### Available records
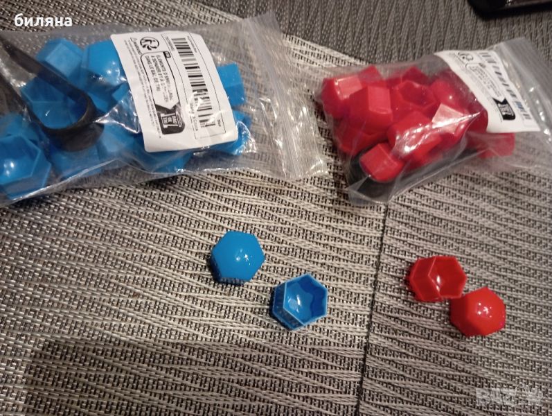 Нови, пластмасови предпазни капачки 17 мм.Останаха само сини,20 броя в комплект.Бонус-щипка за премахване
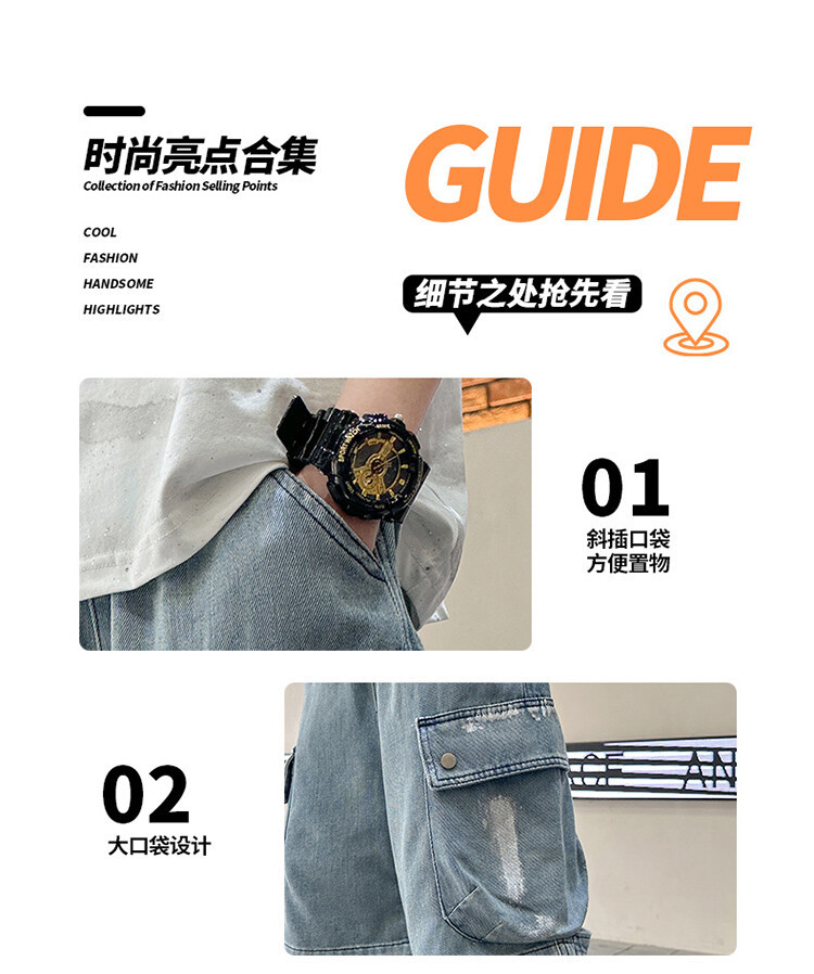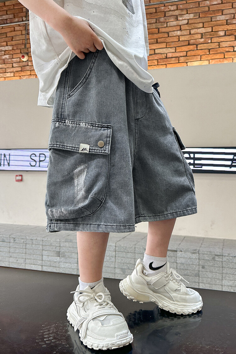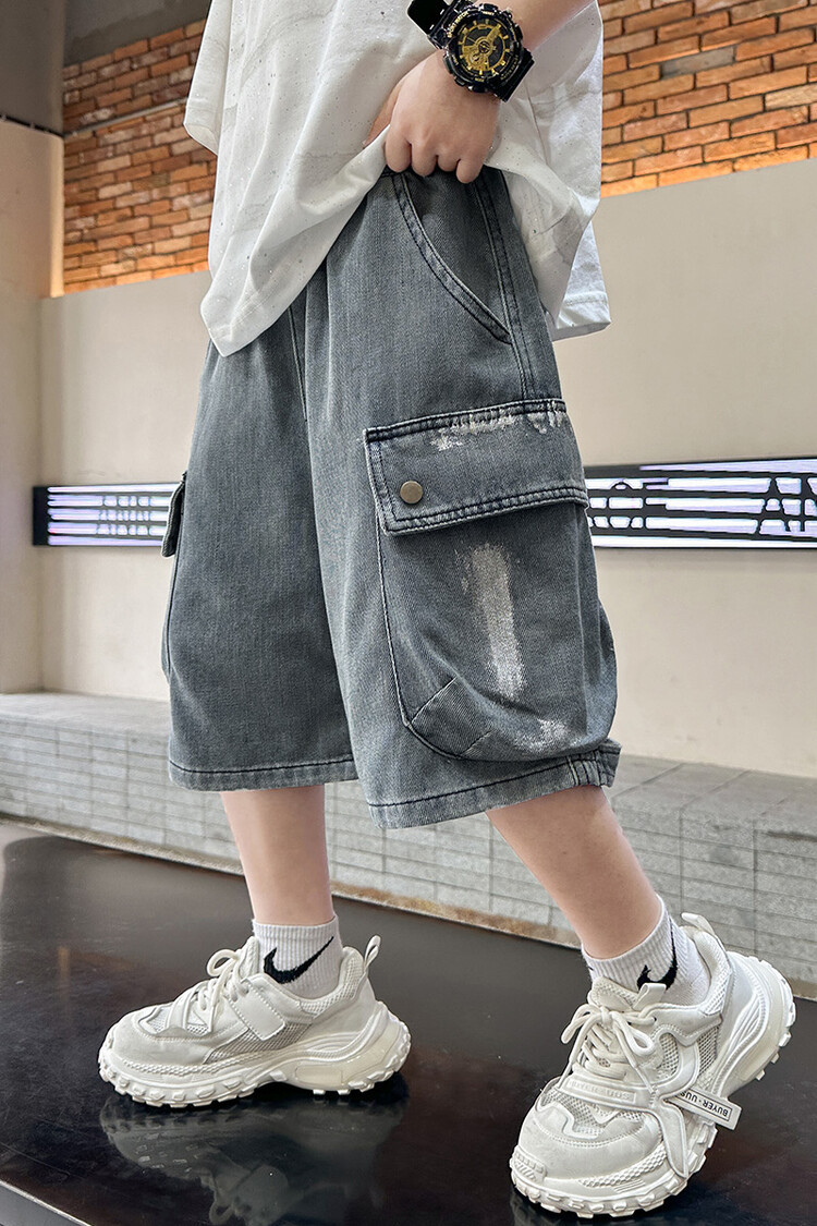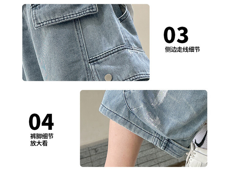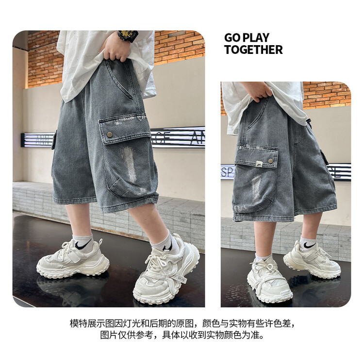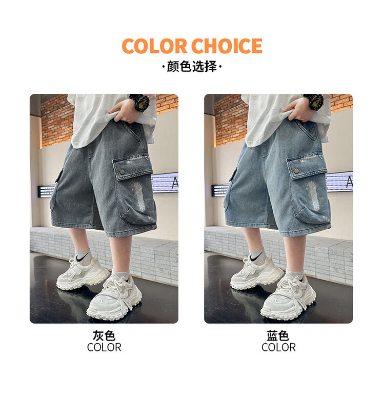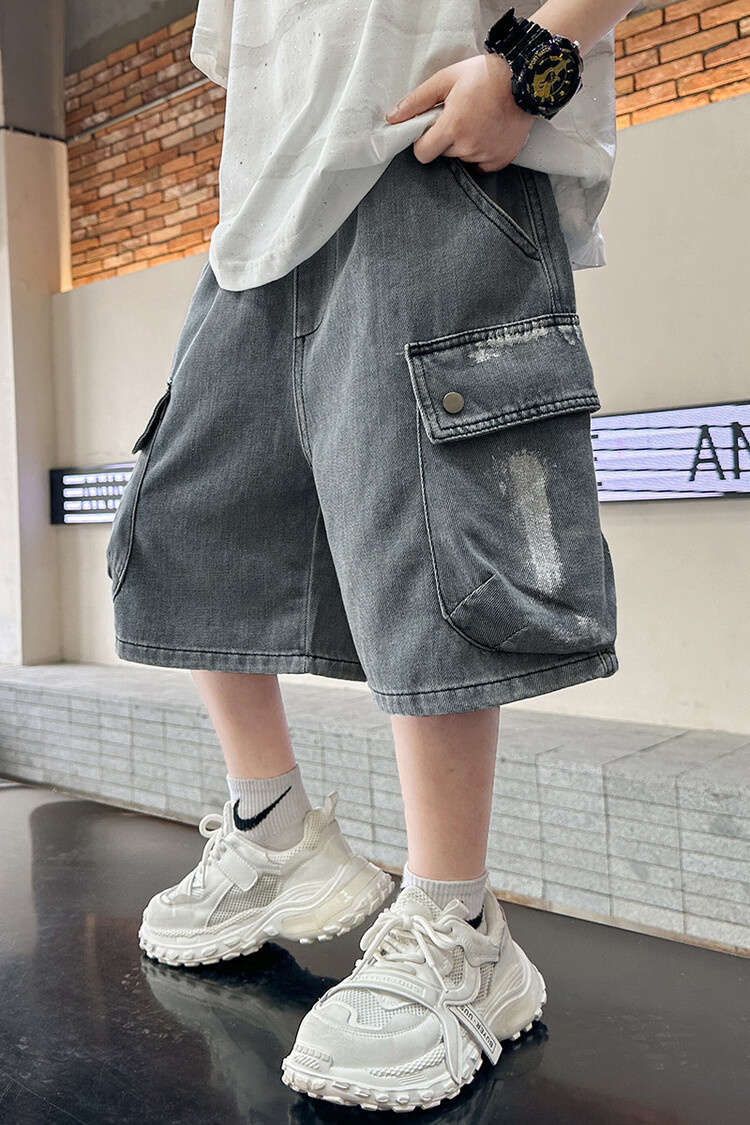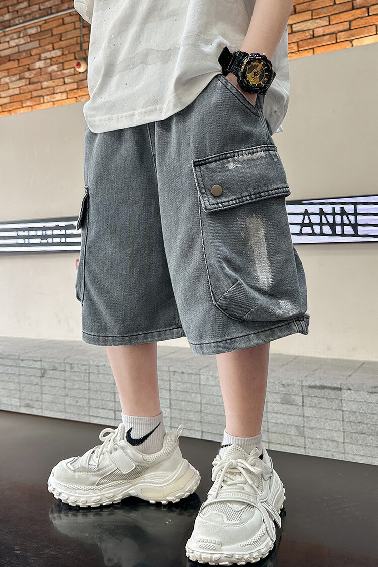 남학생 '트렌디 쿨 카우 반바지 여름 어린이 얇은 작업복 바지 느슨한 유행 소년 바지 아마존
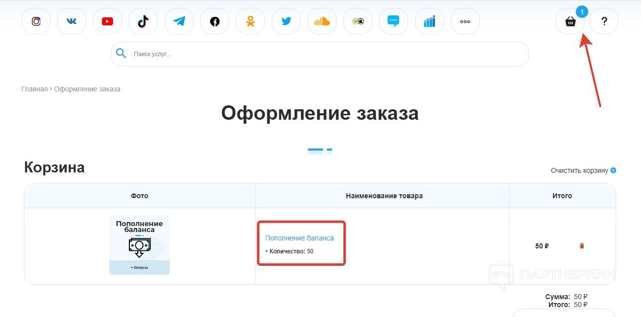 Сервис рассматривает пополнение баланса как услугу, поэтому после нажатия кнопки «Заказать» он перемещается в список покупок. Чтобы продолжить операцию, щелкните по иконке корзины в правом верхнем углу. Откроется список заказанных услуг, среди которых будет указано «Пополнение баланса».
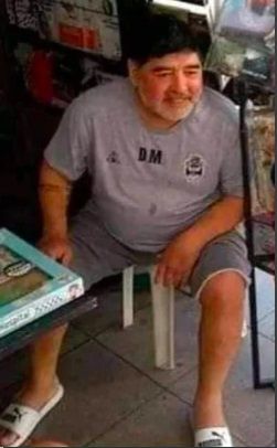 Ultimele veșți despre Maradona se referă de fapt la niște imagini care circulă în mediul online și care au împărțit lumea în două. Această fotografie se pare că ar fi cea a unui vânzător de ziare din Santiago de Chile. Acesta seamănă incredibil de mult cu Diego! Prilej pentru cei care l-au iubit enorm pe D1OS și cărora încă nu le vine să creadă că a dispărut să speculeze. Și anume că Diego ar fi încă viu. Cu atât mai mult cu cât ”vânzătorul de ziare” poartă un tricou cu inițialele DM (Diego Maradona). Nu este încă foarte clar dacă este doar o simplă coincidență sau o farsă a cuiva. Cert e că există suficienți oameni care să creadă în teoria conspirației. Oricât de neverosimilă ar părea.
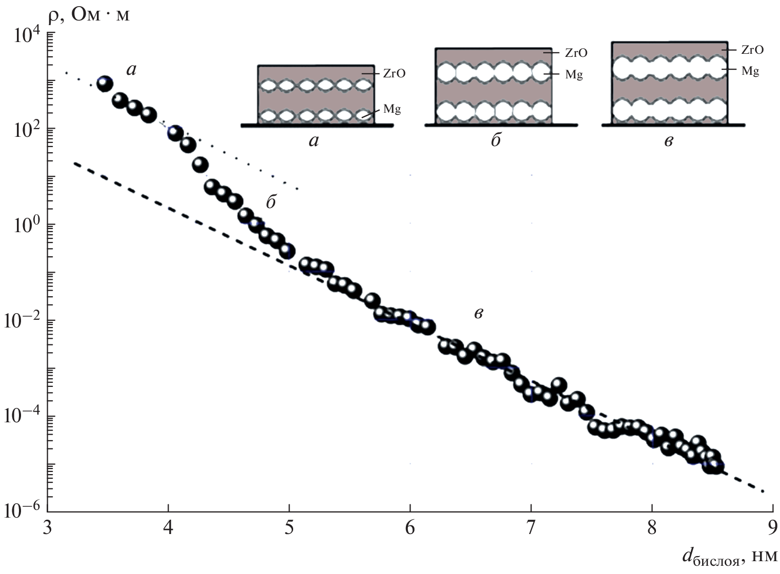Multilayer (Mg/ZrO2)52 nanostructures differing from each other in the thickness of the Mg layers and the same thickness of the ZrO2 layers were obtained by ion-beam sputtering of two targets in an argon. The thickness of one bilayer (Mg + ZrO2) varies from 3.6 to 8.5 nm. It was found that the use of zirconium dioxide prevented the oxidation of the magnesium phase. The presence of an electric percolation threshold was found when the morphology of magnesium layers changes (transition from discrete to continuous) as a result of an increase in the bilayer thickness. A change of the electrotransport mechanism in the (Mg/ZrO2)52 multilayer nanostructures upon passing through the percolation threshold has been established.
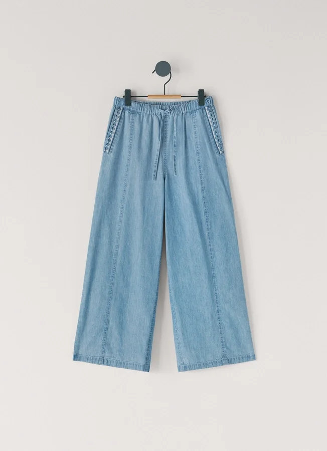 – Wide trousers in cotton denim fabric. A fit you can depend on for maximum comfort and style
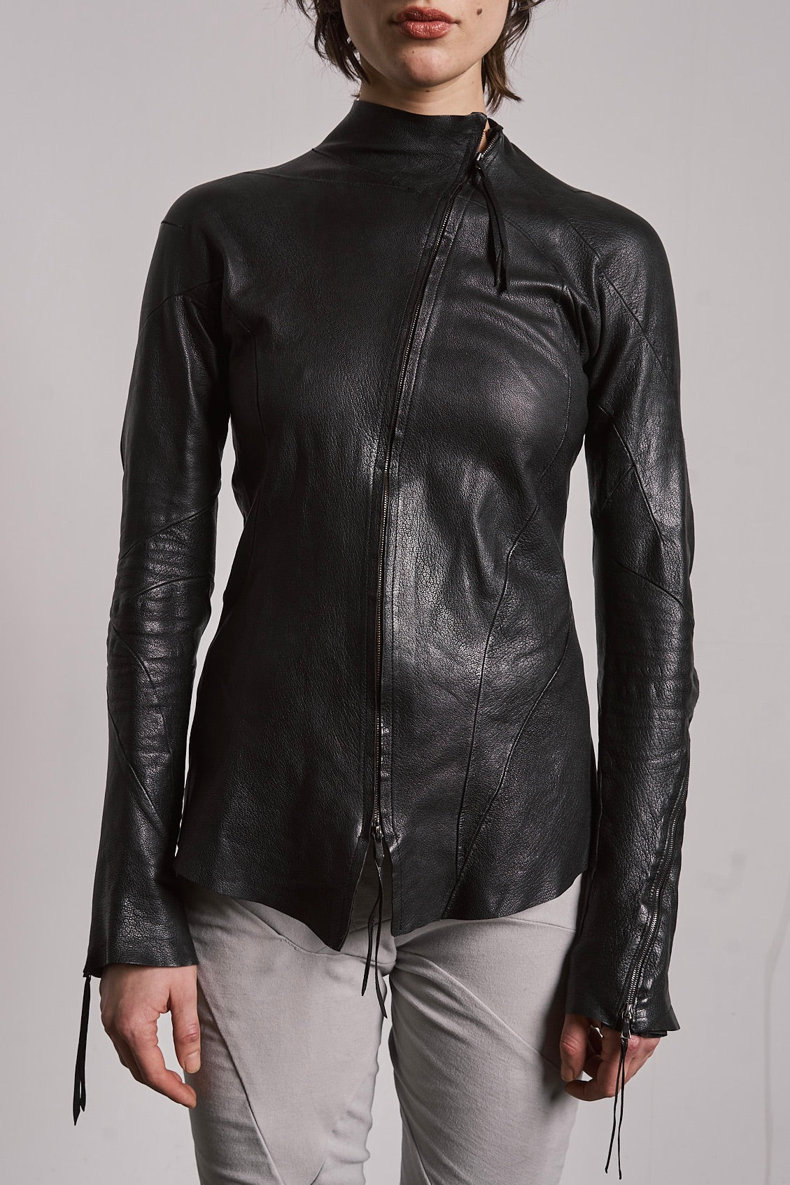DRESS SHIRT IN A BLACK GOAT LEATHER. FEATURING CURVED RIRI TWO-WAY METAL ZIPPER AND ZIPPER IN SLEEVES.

### Work item
Repeat the lines above exactly, and keep every picture out.

### Exercise solution
 Нови, пластмасови предпазни капачки 17 мм.Останаха само сини,20 броя в комплект.Бонус-щипка за премахване
 남학생 '트렌디 쿨 카우 반바지 여름 어린이 얇은 작업복 바지 느슨한 유행 소년 바지 아마존
 Сервис рассматривает пополнение баланса как услугу, поэтому после нажатия кнопки «Заказать» он перемещается в список покупок. Чтобы продолжить операцию, щелкните по иконке корзины в правом верхнем углу. Откроется список заказанных услуг, среди которых будет указано «Пополнение баланса».
 Ultimele veșți despre Maradona se referă de fapt la niște imagini care circulă în mediul online și care au împărțit lumea în două. Această fotografie se pare că ar fi cea a unui vânzător de ziare din Santiago de Chile. Acesta seamănă incredibil de mult cu Diego! Prilej pentru cei care l-au iubit enorm pe D1OS și cărora încă nu le vine să creadă că a dispărut să speculeze. Și anume că Diego ar fi încă viu. Cu atât mai mult cu cât ”vânzătorul de ziare” poartă un tricou cu inițialele DM (Diego Maradona). Nu este încă foarte clar dacă este doar o simplă coincidență sau o farsă a cuiva. Cert e că există suficienți oameni care să creadă în teoria conspirației. Oricât de neverosimilă ar părea.
Multilayer (Mg/ZrO2)52 nanostructures differing from each other in the thickness of the Mg layers and the same thickness of the ZrO2 layers were obtained by ion-beam sputtering of two targets in an argon. The thickness of one bilayer (Mg + ZrO2) varies from 3.6 to 8.5 nm. It was found that the use of zirconium dioxide prevented the oxidation of the magnesium phase. The presence of an electric percolation threshold was found when the morphology of magnesium layers changes (transition from discrete to continuous) as a result of an increase in the bilayer thickness. A change of the electrotransport mechanism in the (Mg/ZrO2)52 multilayer nanostructures upon passing through the percolation threshold has been established.
 – Wide trousers in cotton denim fabric. A fit you can depend on for maximum comfort and style
DRESS SHIRT IN A BLACK GOAT LEATHER. FEATURING CURVED RIRI TWO-WAY METAL ZIPPER AND ZIPPER IN SLEEVES.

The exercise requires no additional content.